I caught sight of her. Standing next to Chris in the forest hill with me was Shiri Grimwolf, dressed in a black cloak. They stood before me, Chris holding her small hand. Seeing her here made my heart flutter. She’s come a long way. She was a newborn when I last held her in my arms. A baby. Brought into the world because of my inability to exercise self-control while in a rut.
If I had taken my drugs, the voices in my head wouldn’t have taken control of me to unexpectedly sleep with her mother. Impregnating her mother was one of the things I regret so much in my life. I wish I could turn back time.
Still, I don’t regret her birth.
“Shiri.” I smiled softly, feeling relieved she was alright. Her long red hair and bloody eyes, cute features were similar to mine. She will be a pretty woman when she grows up.
Shiri knelt down and bowed before me. “Thank you, Alpha Sihwa for-”
“Stand on your feet, Shiri. No need for the formalities.” I chuckled. She got up, slowly came up to me and hugged my waist. I patted her head with my black hand gloves on as always.
“I miss you so much, dad.” My other hand held her back.
“Ravenna would be proud.” Chris looked around the forest hills we stood on with a little smile on his face. “Do you think it is okay for her to live with Wendy in the clan? You haven’t seen her since she gave birth to your son.”
“Just don’t tell her she is my daughter.” I commented and wouldn’t take my eyes off Shiri. Her face buried inside my fur, black overcoat as she continued hugging me.
“She’s gonna know she’s Ravenna’s daughter. She has come across Ravenna before at the clan, remember?”
“Then, tell her who she is.”
“Sihwa, are you sure about this?”
“The Grimwolf clan is a strong fortress which I have built and taken care of over the years.” Shiri glanced up at me. “The clan is the only place she would feel safe. If anyone finds out who she is at the mosque, I hid her in. They will not miss the opportunity to make use of her. I’m popular among the society of werewolves, Chris. Don’t make me explain myself again.”
“Shiri is my niece, too, Sihwa.” Chris firmly stood his ground. “I care about her, too. I just want to make sure you are making the right decision.”
My thumbs held her chin as I went on. “Shiri is born out of incest due to the horrible mistake I made.”
“Sihwa, you are not supposed to-”
“I don’t want my bloodline repeating itself. Any sort of traditions and cultures, I burnt all of them down to the ground when I renamed the clan. My mother was born out of incest. My bloodline raped me and caged me up for years. I’m not normal. I have to take drugs to function. We all suffered the consequences and negligence of our parents’ actions. I’m not about to repeat the same mistake.” My eyes gaze settled on Chris. “Wendy can make the pack a better place. Shiva, Shiri and Shiraz can live together and look forward to a bright future. But I can’t look forward to a bright future. I’m stuck up in the past.”
“Sihwa-”
“Tell Wendy everything about me.” I instructed my elder brother and motioned Shiri to go meet Chris. She nods and runs along to Chris.
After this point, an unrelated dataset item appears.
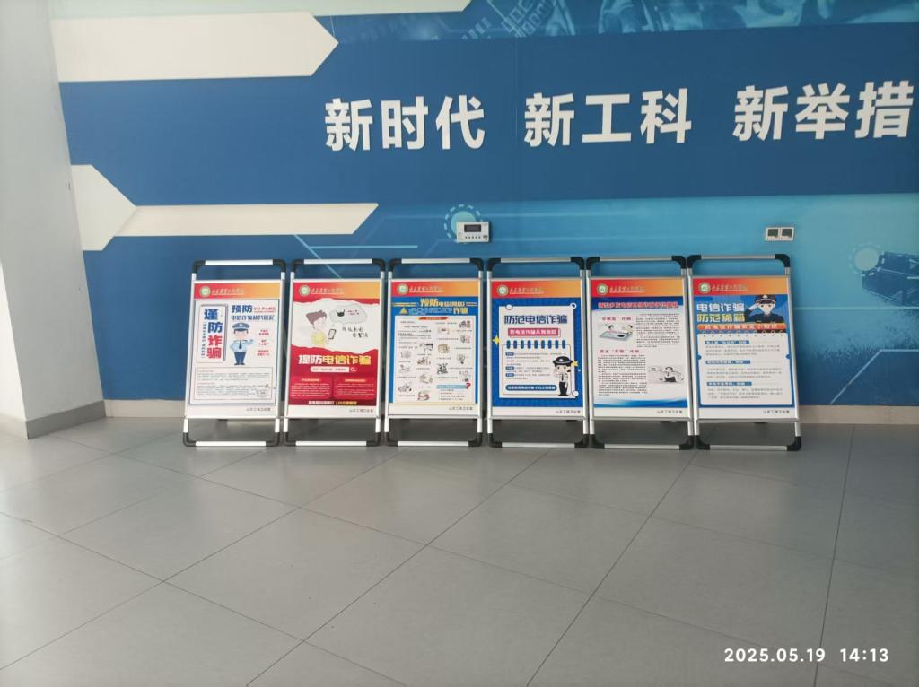 保卫处还特别制作了系列防骗指南展板,放置于各教学楼主要进出口醒目位置,通过真实案例揭秘“冒充老师”“虚假贷款”“网购退款”等常见骗局。用通俗语言解析诈骗话术,提醒师生牢记“三不”原则:不轻信、不透露、不转账。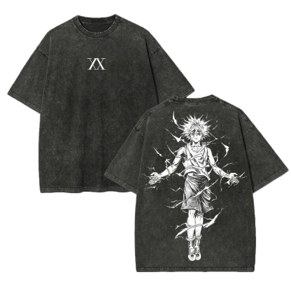 Killua Zoldyck Minimalistic Back pattern Vintage Tee

“Aren’t you supposed to do that yourself?” He frowned and closed her ears.
“No, she wouldn’t listen to me.” And that was the truth. “She would burn herself to keep me warm.”
Many moons ago, I had sneaked out of my clan on the day of the full moon, when I had an encounter with Wendy Nightshade. It felt so choking to stay up in my quarters and get guarded all day without seeing the daylight. Because of my fragile body, I hardly came outside and none of the members of the clan in my household would let me out of the pack in peace.
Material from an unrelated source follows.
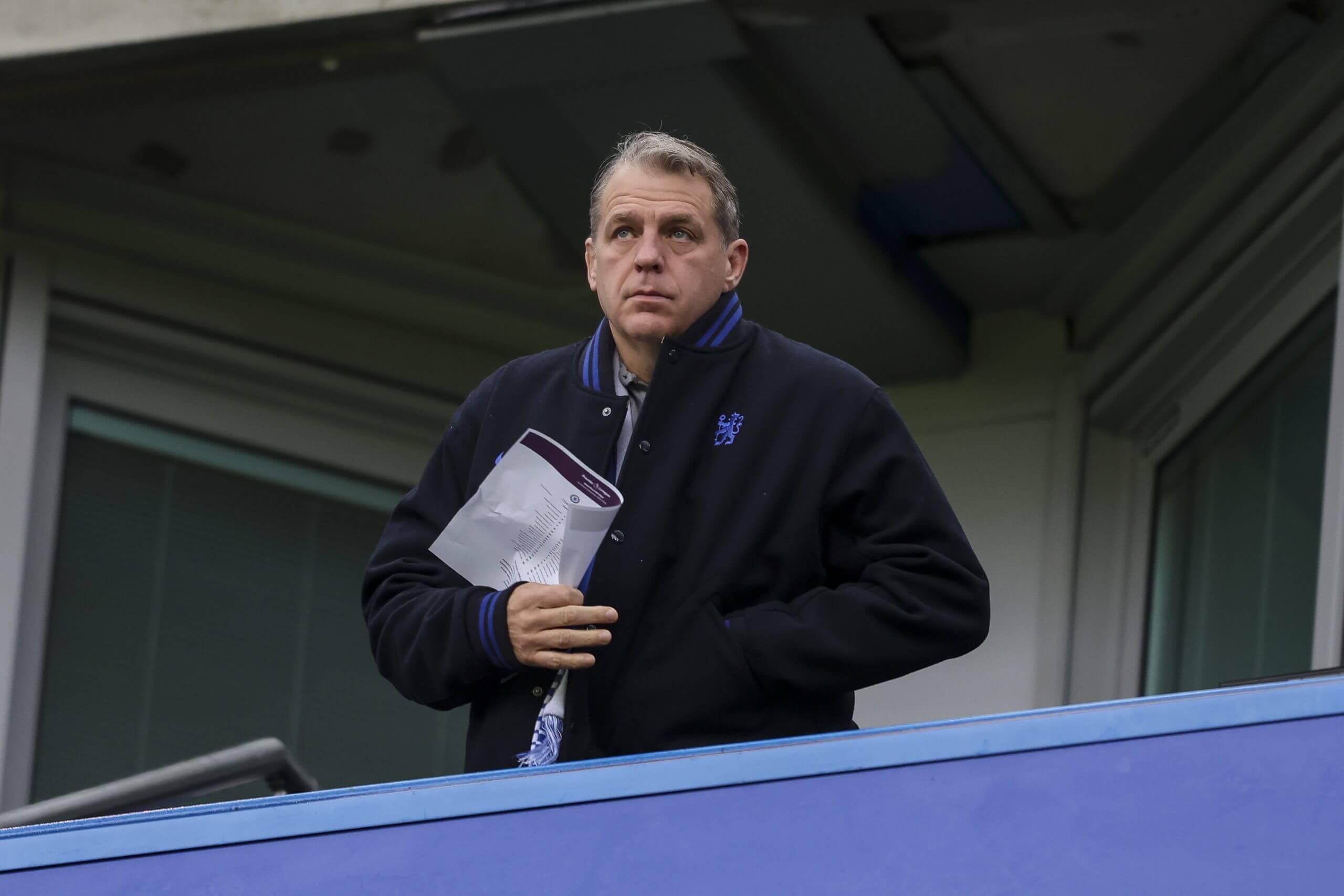 المالك المشارك لتشيلسي، تود بوهلي، يشاهد من صندوق الشركة (Robin Jones/Getty Images)

I was 25 years old when I met a 7 year old, Wendy at the side of the bridge that night. How did she get here, I wondered, after she bumped into me. Her dark purple hair and violet eyes held my gaze. Her innocent look and cute features amazed me. She is definitely Liam George’s daughter.
I recognized his scent on her. I will never forget the scent of someone who once saved my life. She was cute by the way. I walked past her, to walk around some more before going back to the pack. Once they notice I was missing, they will turn the pack upside down and I’m too bothered to try giving an explanation. Bloodshed is my way of talking to anyone nowadays.
Surprisingly, she wouldn’t let me go. She kept clinging onto me.